> TASK ITEM:
The output should be the listing below, limited to the lines from the one with "Hranatá plastová přechodka" through the one with "男士 潮流真皮轻便软底透气百搭乐福鞋 休闲鞋 男式 男款 沙驰男鞋", exact and without pictures.

> EXTRACTED MATERIAL:
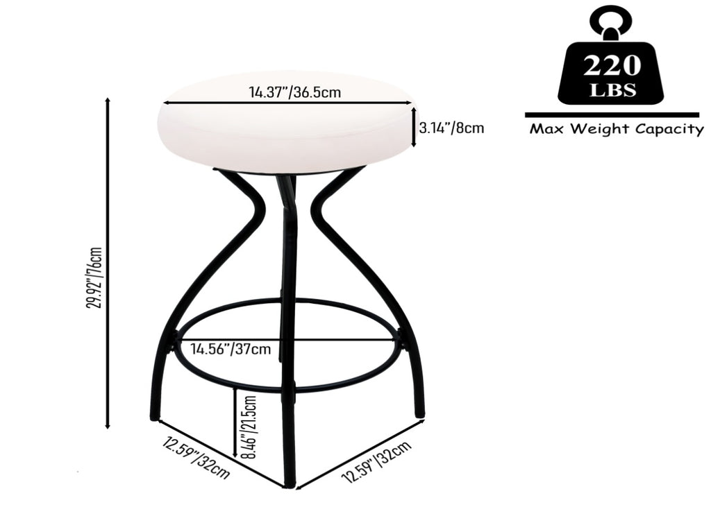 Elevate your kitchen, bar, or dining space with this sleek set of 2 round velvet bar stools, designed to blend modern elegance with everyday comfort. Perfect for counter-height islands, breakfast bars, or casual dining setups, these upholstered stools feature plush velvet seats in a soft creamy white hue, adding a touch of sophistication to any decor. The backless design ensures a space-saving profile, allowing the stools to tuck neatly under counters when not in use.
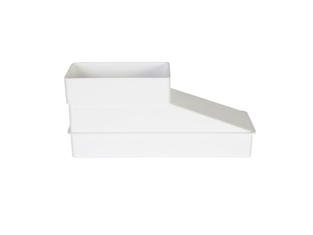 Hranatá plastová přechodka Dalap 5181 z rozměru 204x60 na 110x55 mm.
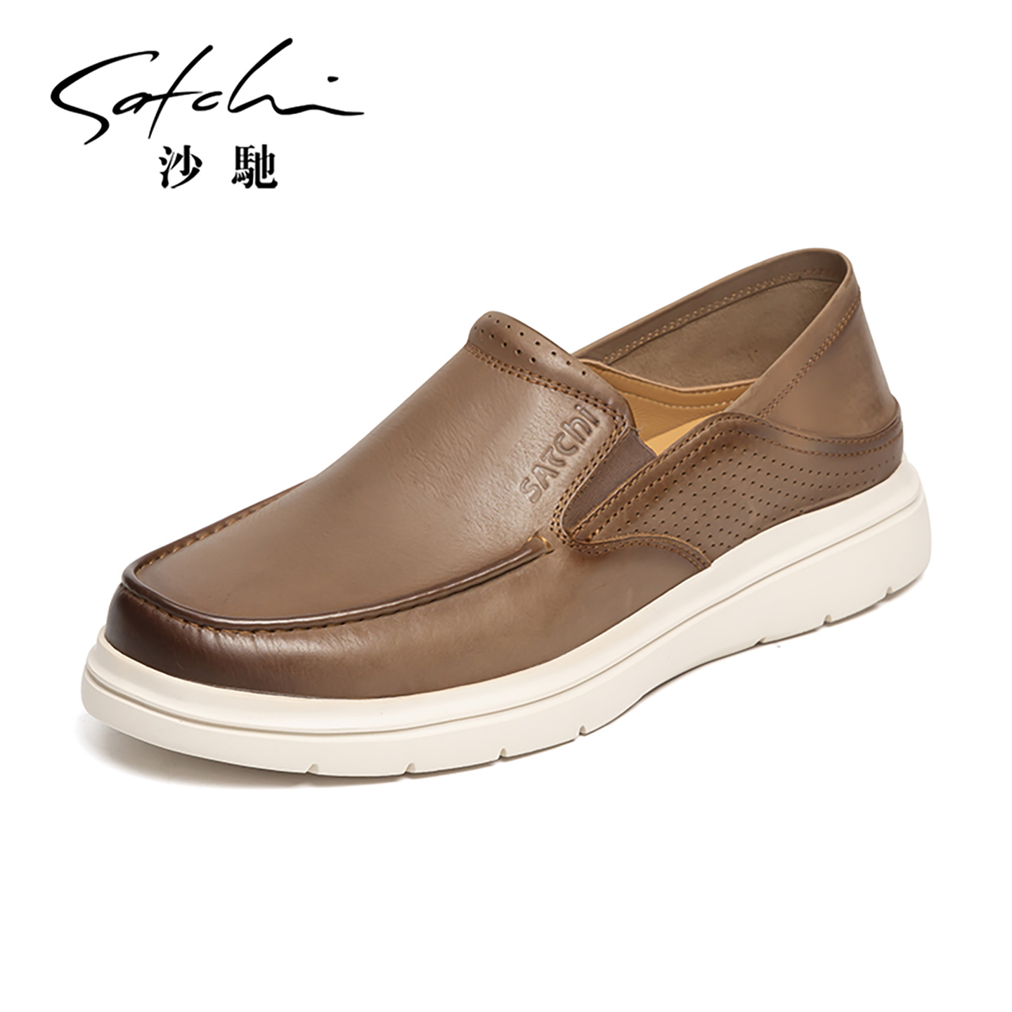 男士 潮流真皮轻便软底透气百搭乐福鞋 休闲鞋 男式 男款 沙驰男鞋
...
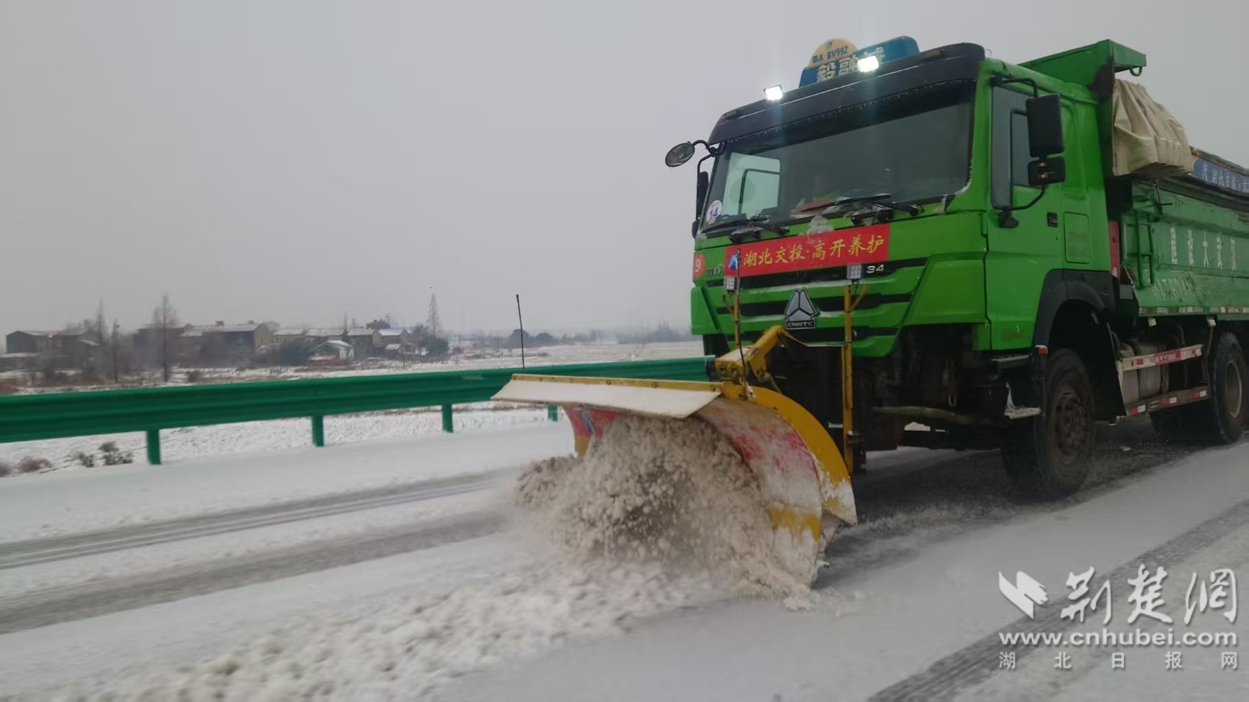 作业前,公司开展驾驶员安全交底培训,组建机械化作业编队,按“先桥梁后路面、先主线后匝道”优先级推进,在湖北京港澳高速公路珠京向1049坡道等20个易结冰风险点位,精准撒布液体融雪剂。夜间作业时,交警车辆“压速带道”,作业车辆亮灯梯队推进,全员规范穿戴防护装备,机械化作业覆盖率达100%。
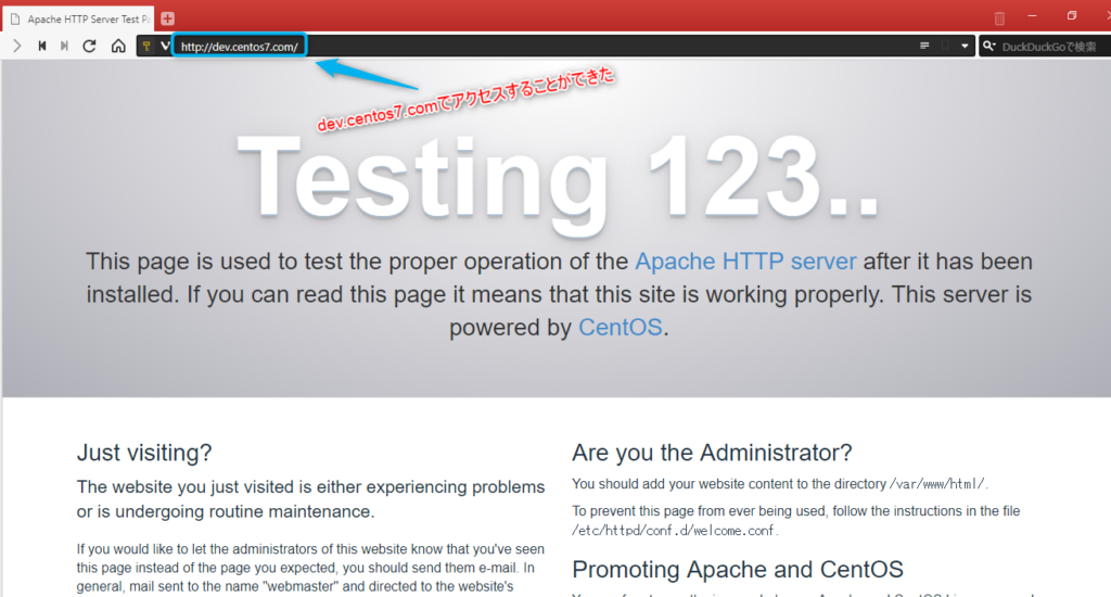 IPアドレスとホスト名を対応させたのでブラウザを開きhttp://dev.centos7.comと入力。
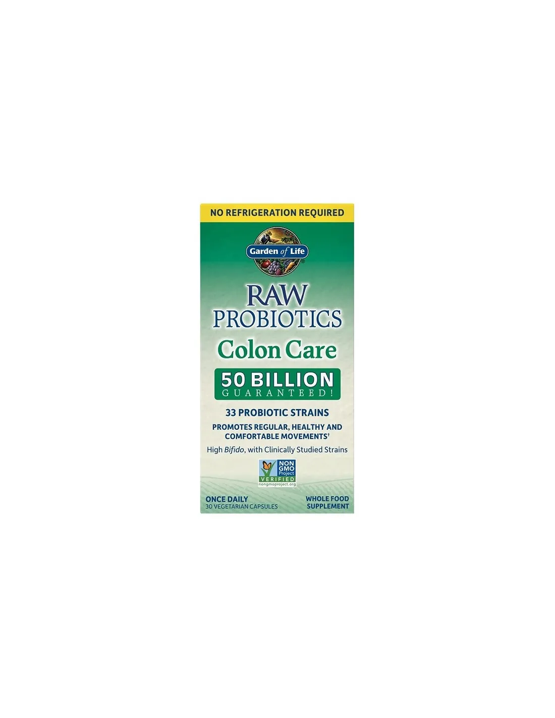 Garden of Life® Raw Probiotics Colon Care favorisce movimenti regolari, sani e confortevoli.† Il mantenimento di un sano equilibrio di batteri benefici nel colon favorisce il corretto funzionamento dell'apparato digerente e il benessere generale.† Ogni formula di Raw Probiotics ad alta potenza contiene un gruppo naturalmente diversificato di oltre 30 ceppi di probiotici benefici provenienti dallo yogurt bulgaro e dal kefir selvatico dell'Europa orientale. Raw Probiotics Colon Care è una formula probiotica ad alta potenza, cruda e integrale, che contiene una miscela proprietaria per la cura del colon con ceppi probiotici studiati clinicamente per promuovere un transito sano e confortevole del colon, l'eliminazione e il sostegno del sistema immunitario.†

> RESPONSE BELOW:
 Hranatá plastová přechodka Dalap 5181 z rozměru 204x60 na 110x55 mm.
 男士 潮流真皮轻便软底透气百搭乐福鞋 休闲鞋 男式 男款 沙驰男鞋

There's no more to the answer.